For today’s main event, Ian presents his must-read analysis of the geopolitical dangers confronting Silicon Valley in the Middle East,
where the world’s most formidable tech players—OpenAI, Amazon, Google, Oracle, etcetera—have been shoveling billions of dollars into A.I. infrastructure within striking distance of Iran. Whether or not last night’s ceasefire holds (and Gulf countries were still absorbing missile and drone attacks today), the decision by these companies to build data centers in the world’s most combustible region is eyebrow-raising, to put it mildly.
Also mentioned in this issue: Torsten Slok, Bernard Arnault, Donald
Trump, Sam Winter-Levy, Charles Harry, Justin Sherman, Dmitri Alperovitch, and more...
|
|
|
|
| Ian Krietzberg
|
|
- What job
loss?: Economists at both Apollo and Goldman Sachs have concluded that, so far, A.I.-driven job loss has been minimal. Comparing the unemployment rate of recent college grads with that of the entire U.S. population, Apollo chief economist Torsten Slok did not find “any sign that unemployment among younger workers is structurally higher because of A.I.”
Economists at Goldman sought to quantify jobs’ susceptibility to “substitution” versus “augmentation” from A.I., and
discovered—unsurprisingly—that the most-substitution-prone industries had shed jobs since the launch of ChatGPT, “with younger and less experienced workers hit hardest.” But overall job losses were largely offset by gains in industries where A.I. augments the work—resulting in a mere 0.1 percentage point increase in unemployment attributable to A.I. over the past year. The economists acknowledged that the “true aggregate impact of A.I. is likely smaller” given the employment effects of
all that data center spend, among other things.
|
|
|
|
| Lauren Sherman
|
|
- Saks Global sees
the light: Saks Global’s initial plan to exit restructuring has been approved in a Texas court.

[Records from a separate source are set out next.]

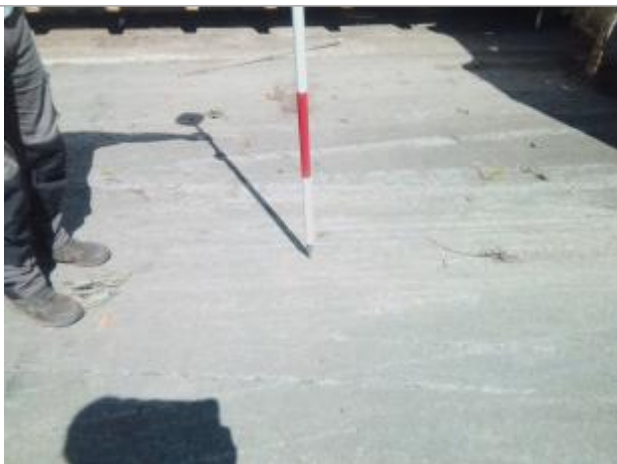
Vue du repère - auteur : Artelia

Altitude calculée de l'eau (en m) : 89.71 m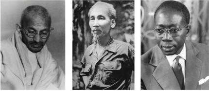
Gandhi Hô Chi Minh Senghor 3 grandes figures de l'indépendance

1 er mouvement de décolonisation (1947-1962)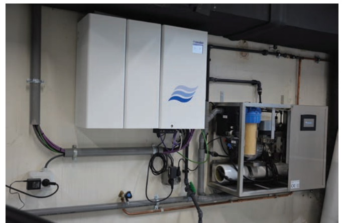
▲ De Centrale Unit van het Condair HumiLife systeem geïnstalleerd in de serviceruimte van het pand.

Dat zie je terug in het pand. Bijvoorbeeld aan de implementatie van voicecontrol gestuurde schuifdeuren en andere technische vernieuwingen. Maar ook het gevoel en de ervaring is erg belangrijk. Ideeën zoals levend mos op de muren dragen hier aan bij. Het is van belang dat de medewerkers zich goed voelen in hun werkomgeving. Dat zie je aan de gebruikte materialen, mooie afwerkingen en een bar om te ontspannen.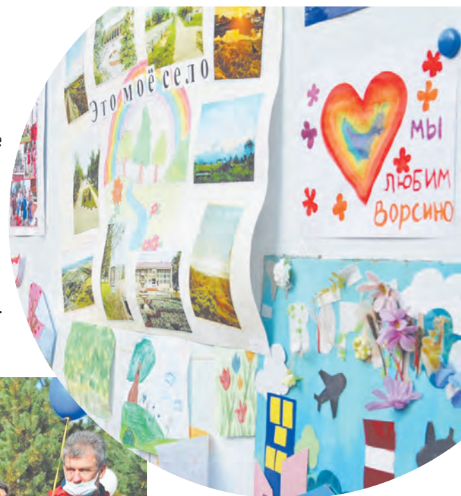
Ворсино. Рисунки местных юных художников.

Мастер-классы и катание на лошадях. Костюмированное шествие вместе с четвероногими питомцами. Обширная концертная программа с участием местных артистов и привлечением гостей из соседних и отдаленных мест. Конкурсы рисунков и чествование передовиков. Мотоциклисты и ходулисты, аквагим и аттракционы. Множество поздравлений, официальных и творческих. Музыка разных стилей и жанров, от русских народных напевов до самых современных ритмов. Так отметили боровчане традиционные «Дни села».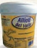
ALLIOLI Bote 2 kg. Cod: 603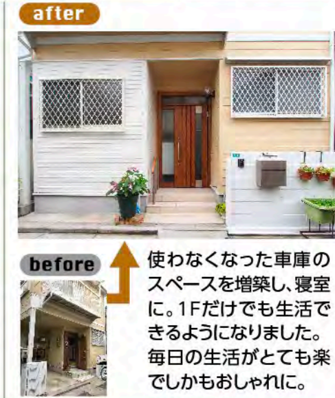
使わなくなった車庫のスペースを増築し、寝室に。1Fだけでも生活できるようになりました。毎日の生活がとても楽しくてもおしゃれに。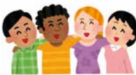
問 人権男女共同参画課

日本国憲法では「個人の尊重」がうたわれています。個人の尊重とは一人一人の違いを認め、一人一人を大事にすることです。多種多様な考え方やライフスタイルが存在する中、個人の多様性についての理解不足により、さまざまな人権問題が起こる場合があります。人種・国籍・宗教・性別・性的指向・年齢や障がいの有無など、一人一人の多様性を尊重することにより、人権が守られた豊かな社会の実現が近づくこととなります。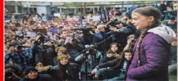
పర్యావరణాన్ని కాపాడాలంటూ ప్రసంగిస్తున్న గ్రేటా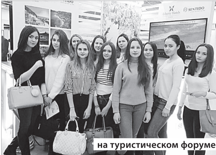
на туристическом форуме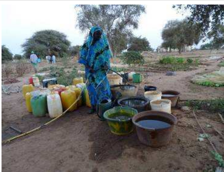
Les femmes auraient vraiment besoin d'un bassin d'arrosage pour stocker l'eau utilisée le soir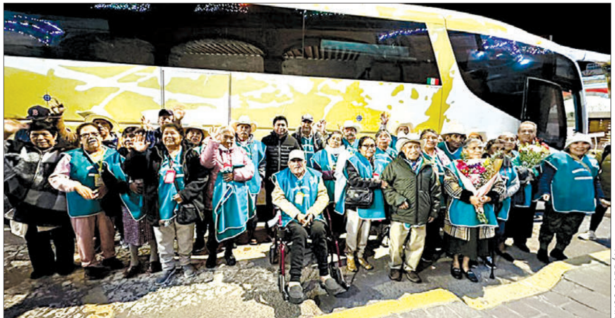
APOYO. Durante el recibimiento de los adultos mayores, la alcaldesa reconoció el trabajo coordinado que existe con el gobierno estatal.

En este mismo sentido, resaltó que el actual gobierno municipal, ha logrado otorgar dos mil asesorías especializadas en trámites migratorios, como citas para pasaportes mexicanos, así como americanos, trámites para visas, formatos SAM, repatriación de cuerpos y visa de trabajo.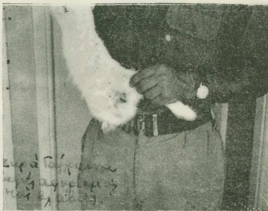
Fig 3.— Gangrène sèche circonscrite.

tisés sont d'une virulence rarement rencontrée. Ces photographies représentent des cas d'orchites phlegmoneuses ou gangréneuses reproduits en série par injection intratesticulaire sur animaux adultes. D'autres lésions sont constituées par des foyers de gangrène locale très caractéristique ou par une tuméfaction énorme du testicule. Il s'en suit une peritonite pseudomembraneuse rapidement mortelle; Si les germes sont moins virulents,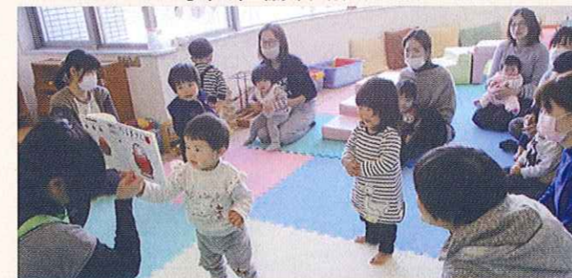
子育てサロンの開催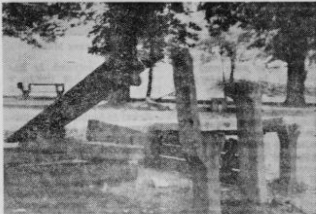
Polomljene klopi in mize v ptujskem parku

izsledil storilca. Povedal je še eno pikro na račun ptujskih huliganov. Neko nedeljo zjutraj pred nedavnim je na sprehožu skozi park opazil na vsaki mizi kup človeških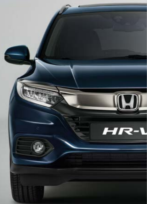
METALICKÁ MIDNIGHT BLUE BEAM

Nabídka barev, které zní stejně dobře, jako vypadají. Od barvy metalická Midnight Blue Beam po barvu Milano Red, vždy najdete volbu, která bude dokonale ladit s vaší osobností.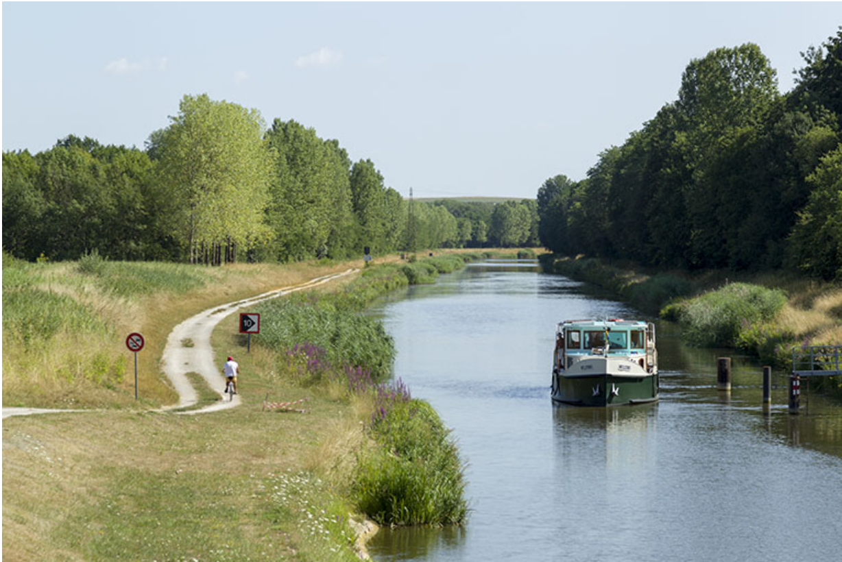
La dérivation au niveau de Ray-sur-Saône avec le chemin de halage.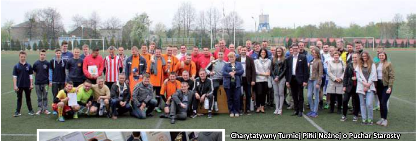
Charytatywny Turniej Piłki Nożnej o Puchar Starosty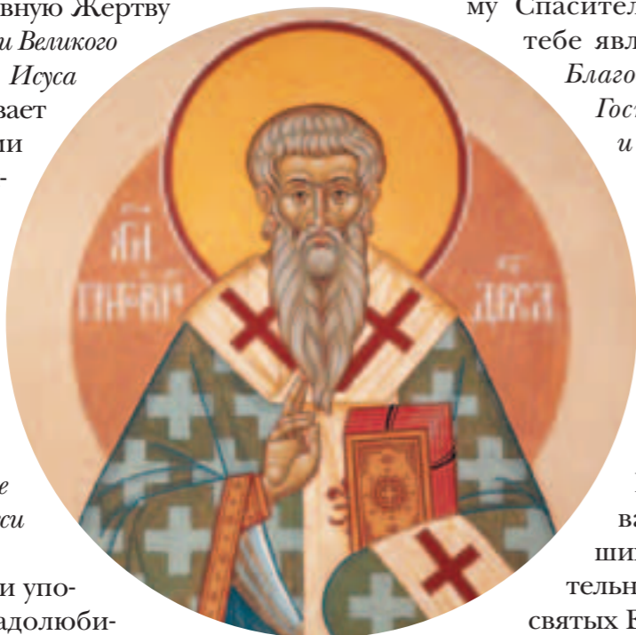
Святитель Григорий Двоеслов — составитель литургии Преждеосвященных Даров. Ростись алтаря единоверческого храма Архангела Михаила. Фото 2011 года

Вот с такими мыслями, возлюбленный брат мой, ты должен присутствовать за Божественной литургией, которая полна такого глубокого и назидательного для тебя смысла. Стой убо со страхом, очи сердечнии горё имея, ко Спасу вопиющи, утверди мя и вразуми мя, Боже щедрый, во спасе Твоем! Аминь.

The details are subject to change as the group negotiates terms with various stakeholders, but it’s almost assured that a group of secured lenders will own Saks Global at the end of the process. Unsecured lenders—like brands owed money—are another story.
According to people at some of the top brands and sources inside Saks, many of the biggest vendors have already received cash settlements. Many smaller brands probably won’t, but I do think that Saks Global will do everything possible to pay back as much as it can, within reason, in order to sustain relationships going forward.

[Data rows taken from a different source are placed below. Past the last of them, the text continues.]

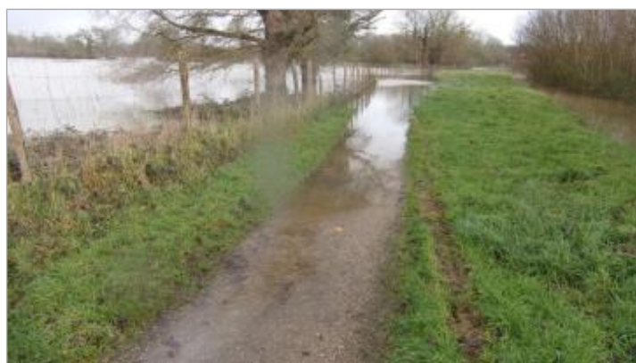
Chemin d'éco-paturage en contre-bas de la salle omnisports le 29/01/2025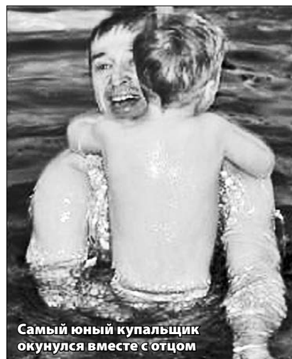
Самый юный купальщик окунулся вместе с отцом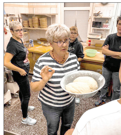
Warsztaty z pieczenia śląskiego kocioca

W ubiegłym roku w Skrzeńsku przyjmowaliśmy specjalnych Gości. W ramach partnerskiej współpracy z Inicjatywą Skrzeńsko do naszej gminy przyjechało zaprzyjaźnione stowarzyszenie z niemieckiego Eibau. W tym roku przyszedł czas na rewizytę. W dniach 27-30 września członkowie Inicjatywy ze Skrzeńska odwiedzali swoich przyjaciół w Niemczech.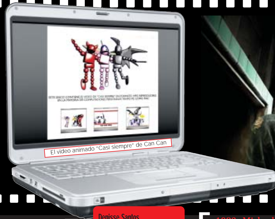
El video animado "Casi siempre" de Can Can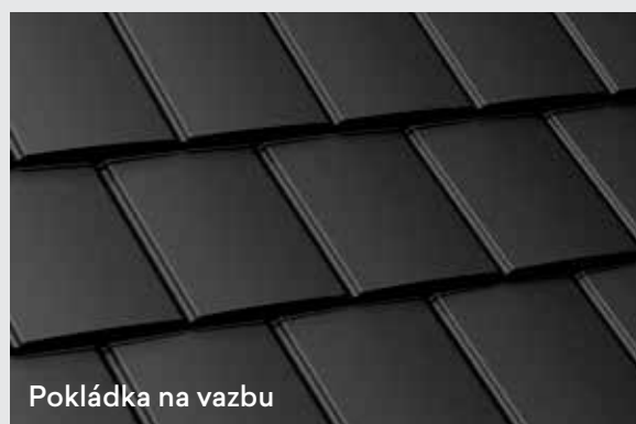
Pokládka na vazbu

Tašky Isola Powertekk Plano lze pokládat dvěma různými způsoby. Na střih a na vazbu.

Once Saks Global exits bankruptcy, expect business-as-usual under ultra-professional C.E.O. Geoffroy Van Raemdonck, who has already done a good job putting both
brands and employees at ease. As one executive said to me, those still standing at Saks Global feel “much better” about the plan under Geoffroy et al. than they did pre-Chapter 11. Brands should expect payments to run more smoothly, too.

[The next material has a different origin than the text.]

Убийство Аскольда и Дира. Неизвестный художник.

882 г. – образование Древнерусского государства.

Of course, in the next year or so, the debtors in possession will likely begin to look for a potential exit. Amazon, which owned nearly a quarter of the equity as of January, could be a buyer, as could another investment firm or even some brave
billionaire. I’m still campaigning over here for LVMH to buy Bergdorf Goodman, although it makes sense that Saks hasn’t done anything with it yet—they’ll get a better price for the whole thing down the road.
You can say what you want about the disaster that is La Samaritaine, but Bernard Arnault has owned Le Bon Marché since the early 1980s and it is still the most wonderful department store in the world. I had brunch at the Rose Bakery there on Easter Sunday, then we
went grocery shopping for dinner at La Grande Épicerie, and it was perfect. (Disclosure: Saks Global sued Puck last year over our coverage of its debt management.)
|
|
|
|
American tech companies have constructed dozens of data centers in the Middle East, all
within striking distance of Iran. Recent attacks on A.W.S. facilities in Bahrain and the U.A.E. show how they’ve become geopolitical casualties of the U.S.–Israeli war.
|
|
|
|
Donald Trump was supposed to be Silicon Valley’s president, but history rarely plays out
according to plan. The morning after the U.S. and Israel began their airstrikes on Iran on February 28, Iranian drones hit several Amazon data centers—two in the U.A.E. and one in Bahrain. The strikes, according to the company, “caused structural damage, disrupted power delivery to our infrastructure, and in some cases required fire suppression activities that resulted in additional water damage.” By the end of the month, another Amazon data center in Bahrain was
reportedly struck. (Amazon did not return a request for comment, but a spokesperson pointed me to an A.W.S. blog post noting that its “Bahrain Region has been disrupted as a
result of the ongoing conflict.”)
The two-week ceasefire announced yesterday is already looking shaky as the Gulf continues to absorb missile and drone attacks—and there's still the question of what comes after, when the region’s A.I. infrastructure will be just as vulnerable. While Trump made headlines with his somewhat recent spate of A.I. dealmaking in the Gulf, the largest U.S. tech companies have been quietly scaling in the Middle East for the better part of a decade. Seven years ago, Microsoft
launched its first two data center regions in the Middle East, in Abu Dhabi and Dubai; in 2022, it
opened a third data center region in Qatar. Between 2023 and the end of the decade, the company has said, it will
spend more than $15 billion in the U.A.E., a substantial portion of which will go to A.I. and cloud infrastructure.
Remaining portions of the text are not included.